Bigcartel is paypal shopping cart. All they use is paypal.


----------



## 1Ali (Mar 5, 2009)

I don't know much about them but I do know they put .bigcartel in YOUR web address.


----------



## cpix (Aug 25, 2007)

You can take out the .bigcartel in your address if you create a CNAME pointing your domain to your bigcartel domain. Also, customers without a Paypal account can still purchase items. It's a good system in my opinion. I'm using it for my store.


----------



## Fbomb (Jul 29, 2007)

crackpixels said:


> You can take out the .bigcartel in your address if you create a CNAME pointing your domain to your bigcartel domain. Also, customers without a Paypal account can still purchase items. It's a good system in my opinion. I'm using it for my store.

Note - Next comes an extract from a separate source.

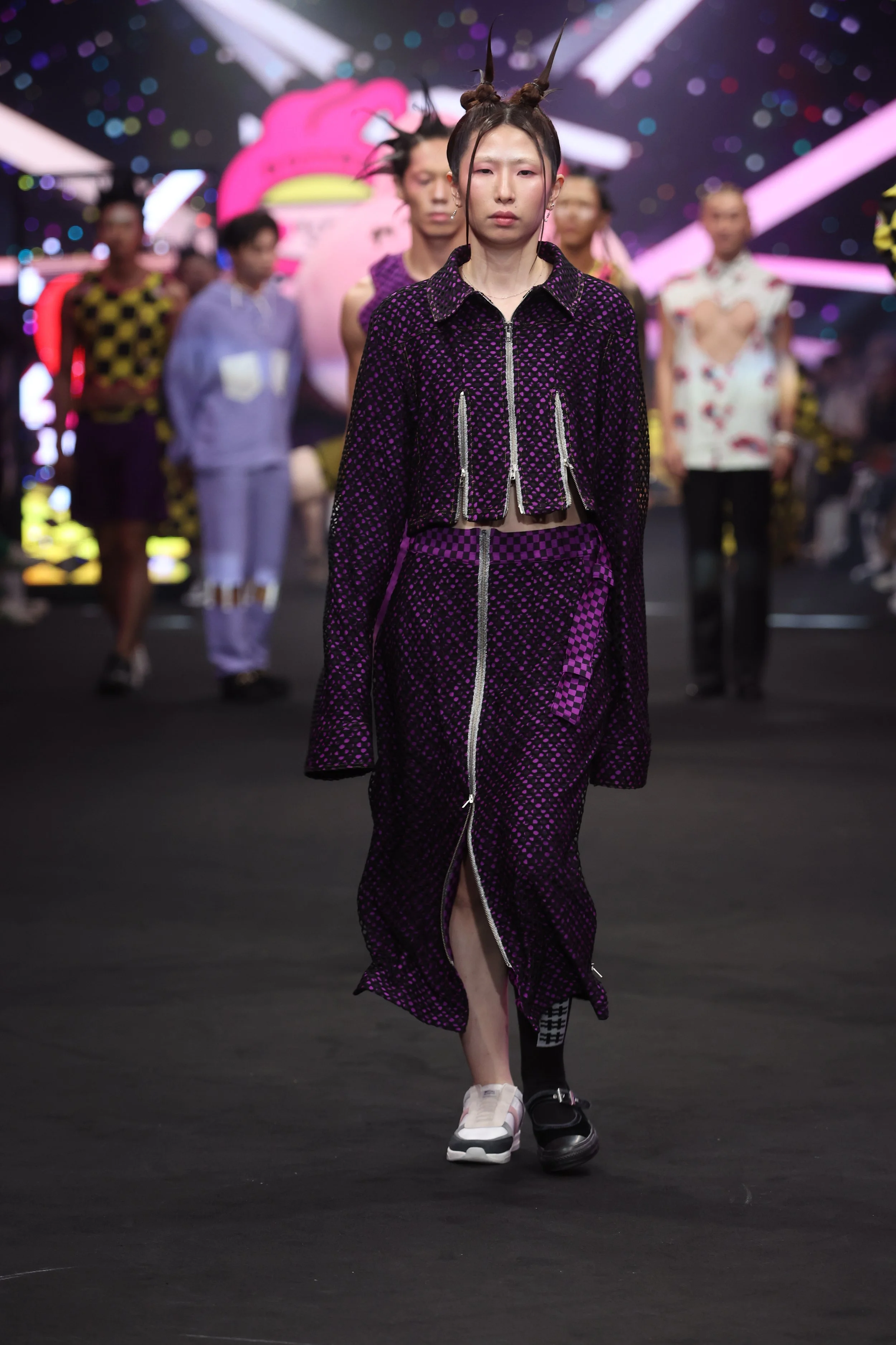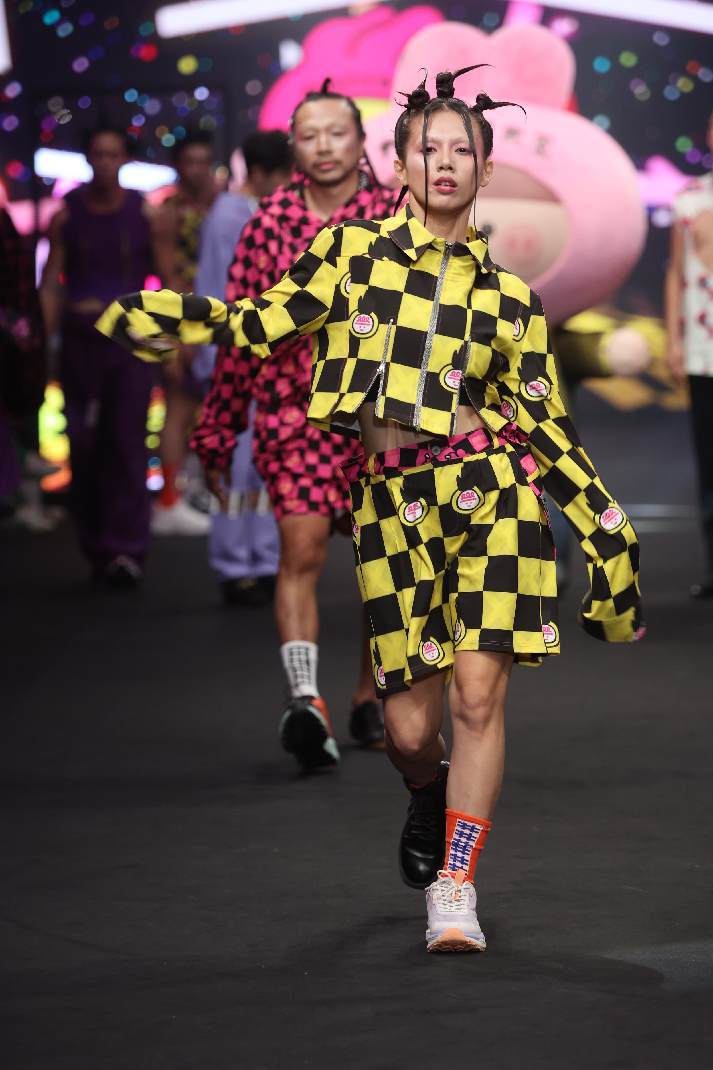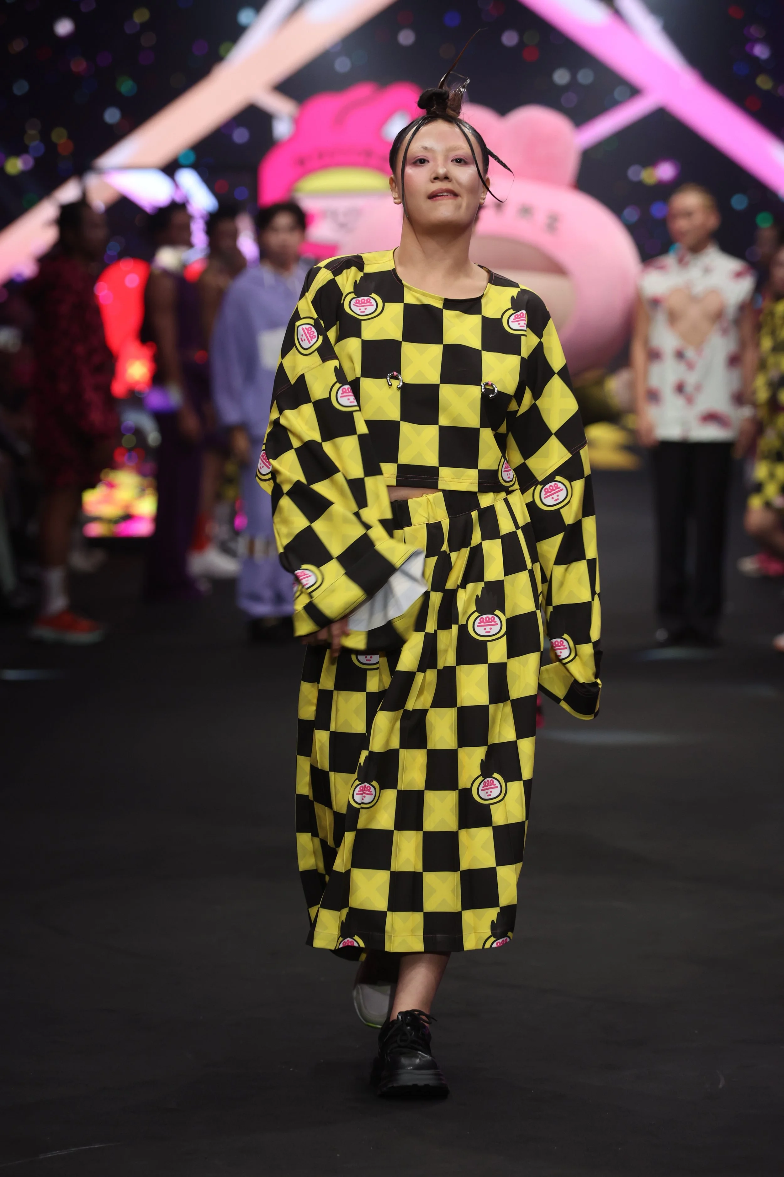 For SS25 Taipei Fashion Week Opening Show, we collaborated with Taiwanese IP Creator wei wei boy and created the "wei wei boy goes to Berlin" Collection. This collection merges #DAMUR’s bold and fearless aesthetic with wei wei boy’s cute style, creating a fashion line that’s both playful and rebellious. The design draws inspiration from wei wei boy’s iconic IP characters, depicting their dream of traveling to the free-spirited city of Berlin. Known for its open-mindedness, subcultures, vibrant nightlife, and multicultural mix, Berlin not only influenced #DAMUR’s designs, but also served as the perfect backdrop for wei wei boy and his friends’ adventurous tale.

I concur with everything he said...


----------



## kriscad (Dec 18, 2006)

the only downside that they need to fix is the *OPTION* to add for example:

$2 more for XXLG for a product....

Right now you have to *DUPLICATE* the item just for 2X or 3X and so on...


----------



## joeydgraffix (Sep 11, 2007)

I used them,and i absolutely loved their backend system. Easy and simple, inventory was cool too. I wish I could find a shopping cart that was that simple for inventory and shipping rates.


----------